● **REQUIRED WORK**: Using the material below, print the line that contains "Add the spinach, water", the line that contains "Python legíny na", and every line in between, exactly and nothing else.

-- -- --

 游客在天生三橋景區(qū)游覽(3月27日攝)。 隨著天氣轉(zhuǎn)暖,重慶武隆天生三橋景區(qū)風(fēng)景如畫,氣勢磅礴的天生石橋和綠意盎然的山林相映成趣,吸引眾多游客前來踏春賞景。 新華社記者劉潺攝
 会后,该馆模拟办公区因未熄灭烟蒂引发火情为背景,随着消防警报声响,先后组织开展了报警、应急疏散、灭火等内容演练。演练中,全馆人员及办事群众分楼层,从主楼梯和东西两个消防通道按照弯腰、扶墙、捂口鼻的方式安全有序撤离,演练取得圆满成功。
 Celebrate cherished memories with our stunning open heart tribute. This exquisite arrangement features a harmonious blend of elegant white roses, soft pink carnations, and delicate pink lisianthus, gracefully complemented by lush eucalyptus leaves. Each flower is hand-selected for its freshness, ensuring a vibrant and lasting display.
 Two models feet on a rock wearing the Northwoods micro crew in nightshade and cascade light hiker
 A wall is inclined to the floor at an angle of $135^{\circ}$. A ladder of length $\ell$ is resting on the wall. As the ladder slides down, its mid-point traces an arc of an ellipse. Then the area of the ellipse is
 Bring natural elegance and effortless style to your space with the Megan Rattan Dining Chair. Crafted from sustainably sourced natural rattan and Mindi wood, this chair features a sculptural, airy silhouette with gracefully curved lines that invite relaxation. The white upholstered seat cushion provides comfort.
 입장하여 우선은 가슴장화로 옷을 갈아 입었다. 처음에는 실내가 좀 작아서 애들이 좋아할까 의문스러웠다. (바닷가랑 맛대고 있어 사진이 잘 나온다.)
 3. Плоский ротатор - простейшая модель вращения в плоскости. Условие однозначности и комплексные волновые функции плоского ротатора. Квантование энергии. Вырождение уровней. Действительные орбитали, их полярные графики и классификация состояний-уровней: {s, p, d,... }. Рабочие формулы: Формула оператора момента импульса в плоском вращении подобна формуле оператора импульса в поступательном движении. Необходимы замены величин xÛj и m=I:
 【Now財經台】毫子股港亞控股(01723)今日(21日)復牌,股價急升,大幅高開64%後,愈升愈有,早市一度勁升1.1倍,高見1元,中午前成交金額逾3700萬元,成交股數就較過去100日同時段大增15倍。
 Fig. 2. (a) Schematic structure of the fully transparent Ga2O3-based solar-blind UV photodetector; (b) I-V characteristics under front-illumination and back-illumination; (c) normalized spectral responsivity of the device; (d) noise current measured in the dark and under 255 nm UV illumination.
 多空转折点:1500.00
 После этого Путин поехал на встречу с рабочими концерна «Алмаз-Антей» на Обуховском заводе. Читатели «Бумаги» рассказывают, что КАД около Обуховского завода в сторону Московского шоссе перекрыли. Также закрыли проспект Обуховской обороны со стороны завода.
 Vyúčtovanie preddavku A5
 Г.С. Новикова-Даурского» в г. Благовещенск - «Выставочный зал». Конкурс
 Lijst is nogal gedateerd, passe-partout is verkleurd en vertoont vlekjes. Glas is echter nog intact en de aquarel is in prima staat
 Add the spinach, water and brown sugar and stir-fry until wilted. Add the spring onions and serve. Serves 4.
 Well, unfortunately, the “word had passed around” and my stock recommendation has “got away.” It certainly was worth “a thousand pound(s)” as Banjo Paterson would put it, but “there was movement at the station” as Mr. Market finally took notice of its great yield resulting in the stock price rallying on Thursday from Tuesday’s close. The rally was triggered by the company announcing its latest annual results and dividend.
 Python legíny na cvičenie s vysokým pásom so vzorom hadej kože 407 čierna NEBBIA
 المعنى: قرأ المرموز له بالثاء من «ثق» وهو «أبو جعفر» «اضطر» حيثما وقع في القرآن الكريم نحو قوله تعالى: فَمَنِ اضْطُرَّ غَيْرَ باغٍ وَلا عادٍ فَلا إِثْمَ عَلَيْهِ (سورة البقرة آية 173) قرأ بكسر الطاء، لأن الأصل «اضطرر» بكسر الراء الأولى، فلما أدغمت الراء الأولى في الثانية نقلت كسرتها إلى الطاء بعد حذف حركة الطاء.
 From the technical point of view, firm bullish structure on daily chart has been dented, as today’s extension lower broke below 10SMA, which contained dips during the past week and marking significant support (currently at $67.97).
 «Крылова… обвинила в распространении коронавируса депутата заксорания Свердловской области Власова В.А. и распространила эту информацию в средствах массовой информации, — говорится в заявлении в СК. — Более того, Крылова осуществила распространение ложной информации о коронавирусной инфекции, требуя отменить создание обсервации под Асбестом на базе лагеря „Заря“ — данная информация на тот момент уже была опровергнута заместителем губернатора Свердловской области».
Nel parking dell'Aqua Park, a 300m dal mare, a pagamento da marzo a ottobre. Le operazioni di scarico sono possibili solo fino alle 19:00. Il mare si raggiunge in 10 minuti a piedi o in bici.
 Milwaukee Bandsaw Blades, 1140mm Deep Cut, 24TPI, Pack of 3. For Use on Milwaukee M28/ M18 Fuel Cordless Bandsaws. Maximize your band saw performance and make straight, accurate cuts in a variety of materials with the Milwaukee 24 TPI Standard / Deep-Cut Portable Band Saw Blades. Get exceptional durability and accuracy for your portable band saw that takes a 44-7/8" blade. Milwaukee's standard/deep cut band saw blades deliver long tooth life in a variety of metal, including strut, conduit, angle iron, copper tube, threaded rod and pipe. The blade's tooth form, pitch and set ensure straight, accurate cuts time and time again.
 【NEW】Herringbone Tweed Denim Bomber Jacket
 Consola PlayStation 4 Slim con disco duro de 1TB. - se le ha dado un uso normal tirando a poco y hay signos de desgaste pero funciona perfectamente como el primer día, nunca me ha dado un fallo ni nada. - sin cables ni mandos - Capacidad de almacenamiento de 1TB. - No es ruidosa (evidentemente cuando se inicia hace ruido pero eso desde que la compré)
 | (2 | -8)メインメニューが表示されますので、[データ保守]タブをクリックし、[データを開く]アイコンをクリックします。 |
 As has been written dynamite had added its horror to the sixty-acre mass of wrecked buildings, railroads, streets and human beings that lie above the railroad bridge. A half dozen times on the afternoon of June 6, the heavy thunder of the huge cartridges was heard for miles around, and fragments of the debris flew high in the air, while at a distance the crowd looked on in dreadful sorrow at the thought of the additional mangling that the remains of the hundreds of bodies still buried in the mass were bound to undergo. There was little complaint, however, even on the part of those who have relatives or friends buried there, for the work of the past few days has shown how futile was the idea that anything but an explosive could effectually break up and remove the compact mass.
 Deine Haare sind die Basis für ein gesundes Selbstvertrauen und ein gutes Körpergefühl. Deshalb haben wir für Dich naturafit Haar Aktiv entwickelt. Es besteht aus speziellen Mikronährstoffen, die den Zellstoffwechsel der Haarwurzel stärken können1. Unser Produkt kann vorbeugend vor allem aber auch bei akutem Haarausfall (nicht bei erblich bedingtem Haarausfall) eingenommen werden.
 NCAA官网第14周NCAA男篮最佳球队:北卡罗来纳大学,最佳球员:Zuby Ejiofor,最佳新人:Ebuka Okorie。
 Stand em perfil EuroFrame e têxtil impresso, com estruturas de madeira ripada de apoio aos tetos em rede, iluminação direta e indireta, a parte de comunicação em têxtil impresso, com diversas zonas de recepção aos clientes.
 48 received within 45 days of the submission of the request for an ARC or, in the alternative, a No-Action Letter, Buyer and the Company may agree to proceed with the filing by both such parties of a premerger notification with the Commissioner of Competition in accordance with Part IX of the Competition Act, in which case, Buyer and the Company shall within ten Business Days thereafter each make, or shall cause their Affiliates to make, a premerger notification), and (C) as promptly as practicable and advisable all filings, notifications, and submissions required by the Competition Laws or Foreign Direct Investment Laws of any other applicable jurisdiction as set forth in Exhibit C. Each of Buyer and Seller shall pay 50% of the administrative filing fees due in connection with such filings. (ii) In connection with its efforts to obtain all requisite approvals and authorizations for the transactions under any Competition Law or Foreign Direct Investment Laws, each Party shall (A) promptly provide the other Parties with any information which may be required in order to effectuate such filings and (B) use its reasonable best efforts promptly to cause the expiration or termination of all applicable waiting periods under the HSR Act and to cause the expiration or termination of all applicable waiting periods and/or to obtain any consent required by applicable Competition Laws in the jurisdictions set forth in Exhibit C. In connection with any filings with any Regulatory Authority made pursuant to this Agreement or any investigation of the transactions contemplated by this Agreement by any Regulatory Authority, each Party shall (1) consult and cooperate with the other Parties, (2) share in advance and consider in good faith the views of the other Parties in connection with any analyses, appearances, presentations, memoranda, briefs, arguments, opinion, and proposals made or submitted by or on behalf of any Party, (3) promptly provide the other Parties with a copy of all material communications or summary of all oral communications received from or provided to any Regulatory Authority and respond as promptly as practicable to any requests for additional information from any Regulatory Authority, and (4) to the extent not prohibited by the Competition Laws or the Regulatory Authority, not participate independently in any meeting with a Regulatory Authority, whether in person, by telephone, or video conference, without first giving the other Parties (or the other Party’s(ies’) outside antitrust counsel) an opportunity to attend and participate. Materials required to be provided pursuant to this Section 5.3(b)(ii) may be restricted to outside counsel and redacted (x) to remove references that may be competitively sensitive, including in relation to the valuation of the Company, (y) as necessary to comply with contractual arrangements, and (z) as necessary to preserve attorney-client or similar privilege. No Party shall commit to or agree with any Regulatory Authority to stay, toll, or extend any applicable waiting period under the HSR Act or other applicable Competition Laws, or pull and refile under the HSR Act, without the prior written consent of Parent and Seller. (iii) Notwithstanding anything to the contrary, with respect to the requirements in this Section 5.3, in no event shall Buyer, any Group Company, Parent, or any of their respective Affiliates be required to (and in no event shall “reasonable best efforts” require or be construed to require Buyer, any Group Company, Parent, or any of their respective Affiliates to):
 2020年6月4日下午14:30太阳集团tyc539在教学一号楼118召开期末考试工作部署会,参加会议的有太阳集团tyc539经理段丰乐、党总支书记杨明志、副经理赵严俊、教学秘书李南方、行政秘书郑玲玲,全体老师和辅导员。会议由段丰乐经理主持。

-- -- --

● **SOLUTION BELOW**:
 Add the spinach, water and brown sugar and stir-fry until wilted. Add the spring onions and serve. Serves 4.
 Well, unfortunately, the “word had passed around” and my stock recommendation has “got away.” It certainly was worth “a thousand pound(s)” as Banjo Paterson would put it, but “there was movement at the station” as Mr. Market finally took notice of its great yield resulting in the stock price rallying on Thursday from Tuesday’s close. The rally was triggered by the company announcing its latest annual results and dividend.
 Python legíny na cvičenie s vysokým pásom so vzorom hadej kože 407 čierna NEBBIA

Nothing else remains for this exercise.